18. Yang Berbeda

"Braaakkk!"

Elai membanting pintu kamarnya sekuat tenaga. Hingga membuat getaran beberapa detik yang menjalari dindingnya. Wah! Sepertinya emosi gadis itu sungguh tidak main-main kali ini.

Berlari langsung, membanting tubuhnya di atas kasur yang empuk, Elai menumpahkan air matanya di sana. Tersedu-sedan hingga punggungnya berguncang tanpa henti.

Kedua tangannya meremas bantal yang menjadi pendaratan wajahnya. Di sana, Elai menjerit sejadi-jadinya. Menumpahkan semua rasa kesal dan marahnya dalam bentuk lelehan air mata. Hingga tak jarang, tampak tangan Elai yang meremas berubah menjadi kepalan. Hanya untuk memukul bantal itu berulang kali.

Nyaris sepuluh menit berlalu dan tangis Elai belum menunjukkan tanda-tanda akan berhenti. Hingga kemudian, pada akhirnya Elai bangkit. Duduk dengan wajah yang teramat basah dan rambut riap-riapan. Tampak begitu berantakan.

"Dasar cowok kurang ajar!"

Elai mengumpati Ares seraya mengusap kasar bibirnya yang terasa kebas dan juga bengkak. Dan merasakan itu, sontak saja air matanya mengalir lagi. Dengan mata yang memejam, ia menengadahkan wajah dan terisak kembali.

"Kamu benar-benar keterlaluan Ares!
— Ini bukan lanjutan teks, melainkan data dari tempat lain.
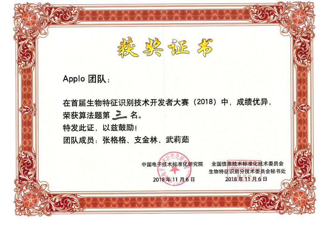 据悉,大赛历时两个多月,吸引了174支队伍,共计320人参加,算法题通过AUC指标对算法的性能进行排名,初赛选取前20进入复赛,Applo团队在初赛阶段就以第5名的成绩,成功入围复赛,复赛阶段,除了AUC指标的算法排名,还需要提交依据GB/T26237.5-2014《信息技术 生物特征识别数据交换格式 第5部分:人脸图像数据》标准生成“人脸数据记录单元”用于标准符合性测试,在通过标准符合性测试的团队中,取前3入围决赛,参与现场答辩,以复赛排名70%和答辩30%的比例进行最终成绩的加权,经过激烈的角逐,beat365官方网站硕士研究生张格格所在队伍Applo取得了大赛季军,颁奖典礼在11月6日举办的全国信标委生物特征识别分委会(TC28/SC37)2018年全会上作为会议上的一个重要环节进行,与会领导为西电智能学子颁发获奖证书。

Nggak bakal aku maafkan!"

Berusaha menahan tangisnya, Elai kemudian menyadari sesuatu. Adalah hal yang sangat berisiko bila ia memutuskan untuk tetap tinggal di unit itu berdua saja dengan Ares. Siapa yang bisa menjamin bahwa ciuman itu tidak akan diikuti oleh ciuman lainnya?

"Ka-ka-kalau ntar dia mendadak cium aku lagi ... gimana?"

Glek.

Tentu saja kemungkinan itu ada. Kemungkinan yang sangat besar malah. Dan sejujurnya bukan hanya itu yang membuat Elai ngeri. Yaitu ketika ia teringat bagaimana tadi tangan Ares yang menggerayangi tubuhnya. Sekarang, membayangkan hal itu terang saja makin membuat gadis itu ketakutan.

Elai meraba tekuknya. Mendadak saja satu pemikiran mengerikan melintas di benaknya. Itu adalah kalau tiba-tiba Ares masuk ke kamarnya dan merencanakan sesuatu pada dirinya. Dengan kekuatan Ares –yang terang saja sudah dirasakan Elai tadi-, gadis itu yakin bahwa ia tak akan bisa melawan.

Elai membeku. Dengan imajinasi yang menakutkan itu. Imajinasi yang tak mampu ia cegah untuk dibentuk oleh otaknya.

Ares menutup pintu kamarnya. Menguncinya. Lantas melempar anak kunci itu ke sembarang arah. Sementara Elai ketakutan di atas tempat tidur, ada Ares yang justru melepaskan kaus yang ia kenakan. Dan ketika cowok itu melangkah, tatapan matanya tampak mengintai pada sekujur tubuh Elai yang gemetaran. Persis seperti singa yang tampak senang melihat mangsa buruannya menggigil oleh rasa ngeri.

"Nona .... Siap untuk menyantap pisang ambon Curup hari ini?"

Elai meneguk ludahnya. Mau tak mau pandangan matanya terarah pada sesuatu yang tampak menonjol di balik resleting celana Ares.

"Ka-kamu jangan main-main, Res!"

Ares menyeringai. Kembali melangkah dengan gerakan yang maskulin. Lantas menghampiri Elai di tempat tidur.

Gadis itu membuang mukanya ke arah lain. Tapi, lantas ia merasakan jemari cowok itu yang meraih dagunya. Membuat ia tak bisa mengelak ketika Ares membawa matanya untuk menatap pada manik Ares yang gelap.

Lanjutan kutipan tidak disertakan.